PROBLEM STATEMENT – Return exactly the span of lines in the following data that opens with the line containing "Auf dem Fahrradträger" and closes with the line containing "IKEA dagbed i". Include nothing else.

PROVIDED DATA –
==========
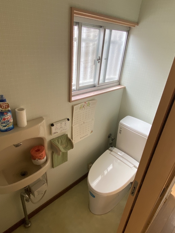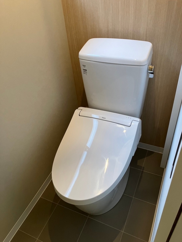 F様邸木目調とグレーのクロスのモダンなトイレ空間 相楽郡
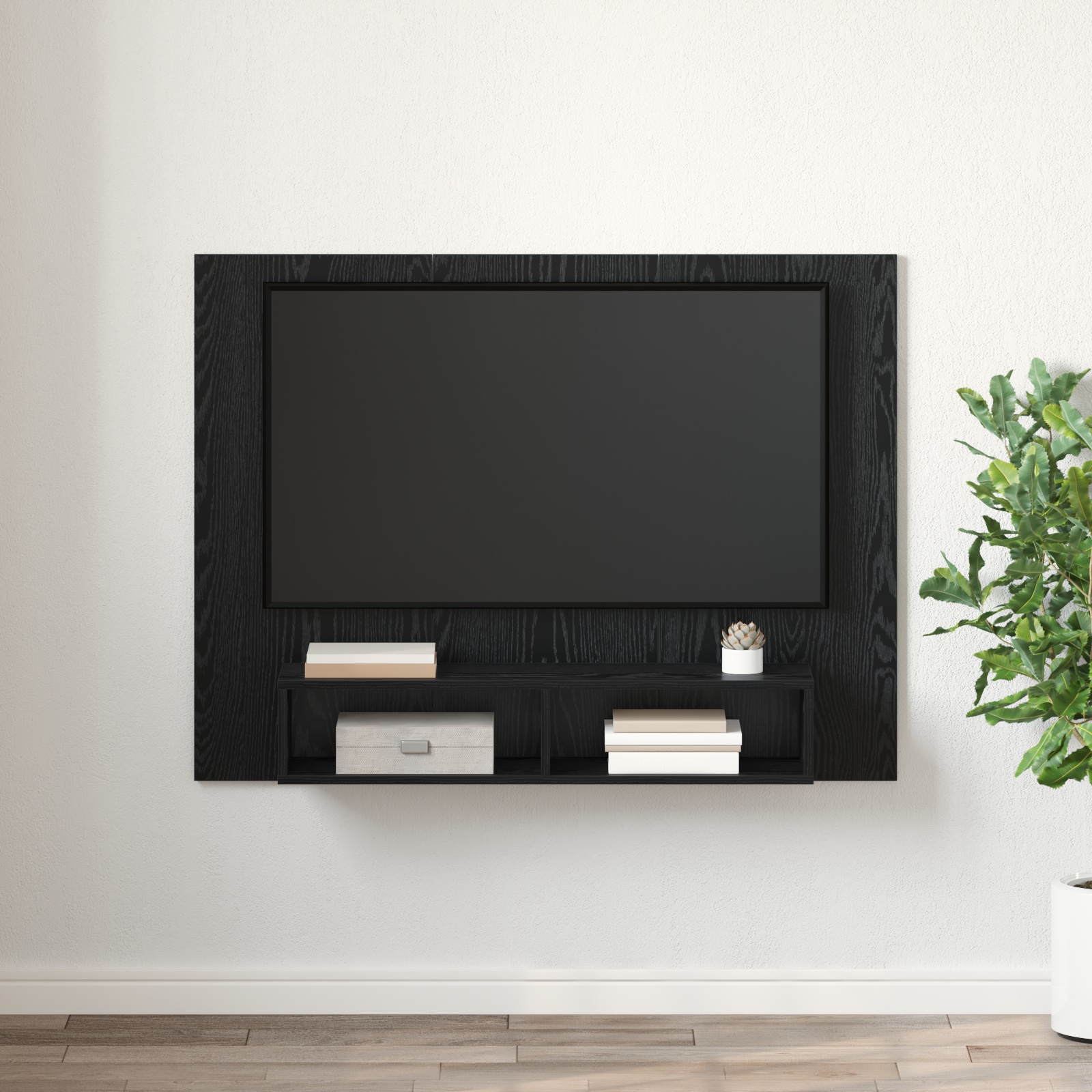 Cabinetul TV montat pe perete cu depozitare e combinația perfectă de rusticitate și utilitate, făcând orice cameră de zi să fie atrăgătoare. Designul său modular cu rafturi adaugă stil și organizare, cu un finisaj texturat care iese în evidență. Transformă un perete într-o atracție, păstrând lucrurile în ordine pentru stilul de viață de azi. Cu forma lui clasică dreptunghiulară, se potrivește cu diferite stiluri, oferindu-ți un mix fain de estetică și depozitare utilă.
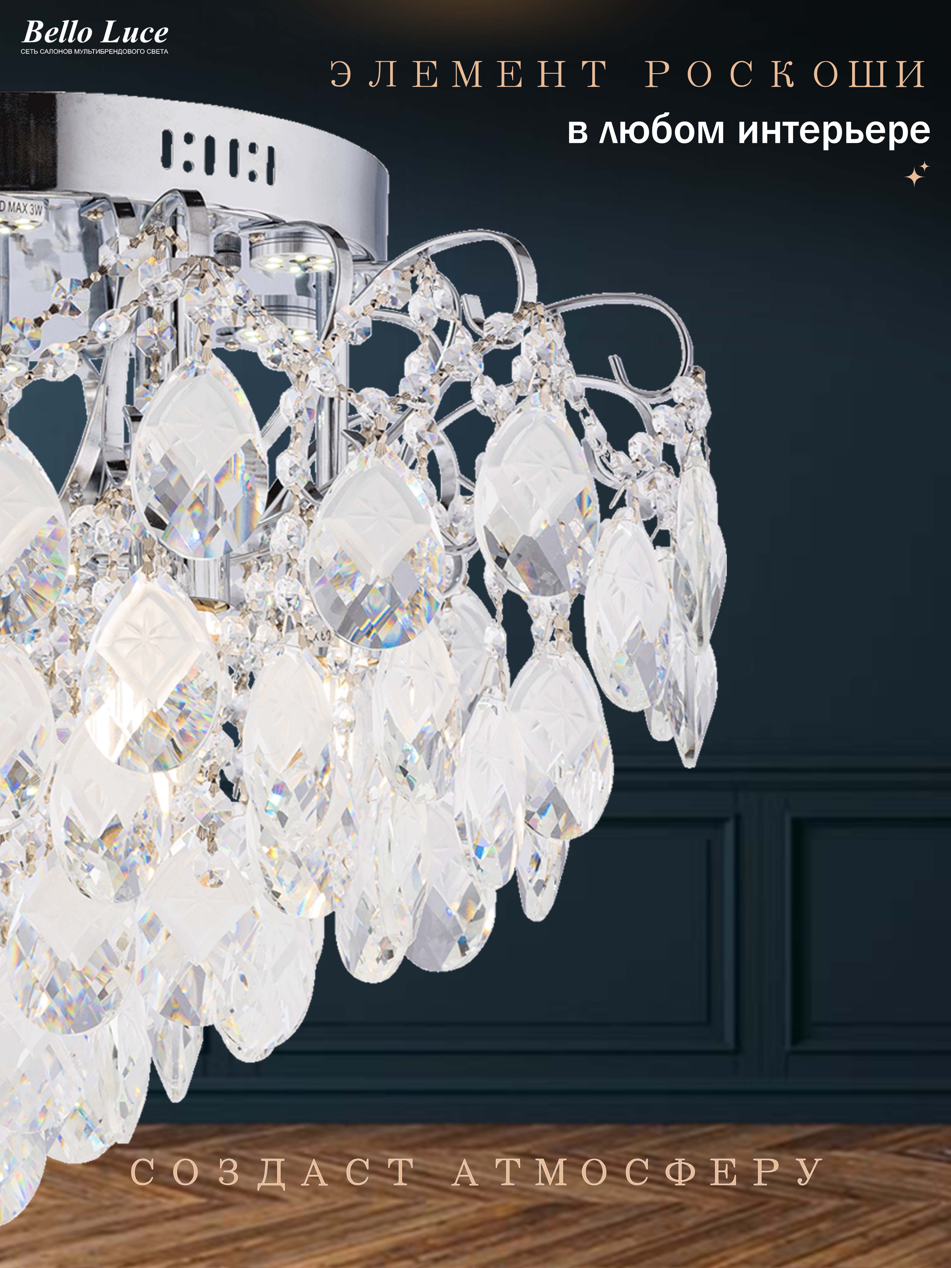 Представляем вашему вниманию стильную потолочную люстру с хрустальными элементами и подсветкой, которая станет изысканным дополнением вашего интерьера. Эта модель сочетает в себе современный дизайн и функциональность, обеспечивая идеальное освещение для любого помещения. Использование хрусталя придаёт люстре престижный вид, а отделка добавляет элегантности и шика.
==========
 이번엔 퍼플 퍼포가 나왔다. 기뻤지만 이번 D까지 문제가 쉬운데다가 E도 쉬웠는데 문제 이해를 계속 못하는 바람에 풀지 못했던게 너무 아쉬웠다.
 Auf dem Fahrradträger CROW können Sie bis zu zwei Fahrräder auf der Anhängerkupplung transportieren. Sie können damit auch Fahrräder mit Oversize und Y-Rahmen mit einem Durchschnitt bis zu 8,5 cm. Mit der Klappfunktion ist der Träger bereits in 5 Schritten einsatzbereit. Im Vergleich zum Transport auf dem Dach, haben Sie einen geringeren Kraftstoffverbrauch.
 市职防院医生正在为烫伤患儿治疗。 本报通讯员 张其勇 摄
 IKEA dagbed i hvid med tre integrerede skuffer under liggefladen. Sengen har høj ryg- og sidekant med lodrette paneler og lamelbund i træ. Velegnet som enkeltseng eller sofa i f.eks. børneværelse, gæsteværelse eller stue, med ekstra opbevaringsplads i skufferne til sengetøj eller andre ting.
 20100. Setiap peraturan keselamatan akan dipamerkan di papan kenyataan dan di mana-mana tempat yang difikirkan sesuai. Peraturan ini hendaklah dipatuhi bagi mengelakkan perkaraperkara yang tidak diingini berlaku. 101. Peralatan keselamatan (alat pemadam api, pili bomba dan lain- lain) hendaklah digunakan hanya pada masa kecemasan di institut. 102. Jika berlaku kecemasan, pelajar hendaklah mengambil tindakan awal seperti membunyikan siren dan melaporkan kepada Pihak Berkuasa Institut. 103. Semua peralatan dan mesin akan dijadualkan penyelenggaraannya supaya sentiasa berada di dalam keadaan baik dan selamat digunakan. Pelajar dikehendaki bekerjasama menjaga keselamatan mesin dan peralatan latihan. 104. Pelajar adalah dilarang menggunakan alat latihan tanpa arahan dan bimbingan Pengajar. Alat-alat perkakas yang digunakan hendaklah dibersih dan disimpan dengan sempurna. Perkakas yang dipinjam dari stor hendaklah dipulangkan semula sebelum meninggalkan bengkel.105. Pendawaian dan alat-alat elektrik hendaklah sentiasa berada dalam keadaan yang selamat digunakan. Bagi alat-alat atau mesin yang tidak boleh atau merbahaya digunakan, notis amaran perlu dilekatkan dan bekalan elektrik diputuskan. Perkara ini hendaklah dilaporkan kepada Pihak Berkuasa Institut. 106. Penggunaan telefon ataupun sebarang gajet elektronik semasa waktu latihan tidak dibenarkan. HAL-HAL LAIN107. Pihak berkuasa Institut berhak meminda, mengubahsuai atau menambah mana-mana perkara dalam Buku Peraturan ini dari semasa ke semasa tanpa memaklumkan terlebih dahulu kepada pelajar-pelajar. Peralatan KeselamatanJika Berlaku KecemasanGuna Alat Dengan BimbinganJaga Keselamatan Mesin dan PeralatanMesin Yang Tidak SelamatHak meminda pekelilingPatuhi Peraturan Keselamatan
==========
RESULT OF THIS EXERCISE –
 Auf dem Fahrradträger CROW können Sie bis zu zwei Fahrräder auf der Anhängerkupplung transportieren. Sie können damit auch Fahrräder mit Oversize und Y-Rahmen mit einem Durchschnitt bis zu 8,5 cm. Mit der Klappfunktion ist der Träger bereits in 5 Schritten einsatzbereit. Im Vergleich zum Transport auf dem Dach, haben Sie einen geringeren Kraftstoffverbrauch.
 市职防院医生正在为烫伤患儿治疗。 本报通讯员 张其勇 摄
 IKEA dagbed i hvid med tre integrerede skuffer under liggefladen. Sengen har høj ryg- og sidekant med lodrette paneler og lamelbund i træ. Velegnet som enkeltseng eller sofa i f.eks. børneværelse, gæsteværelse eller stue, med ekstra opbevaringsplads i skufferne til sengetøj eller andre ting.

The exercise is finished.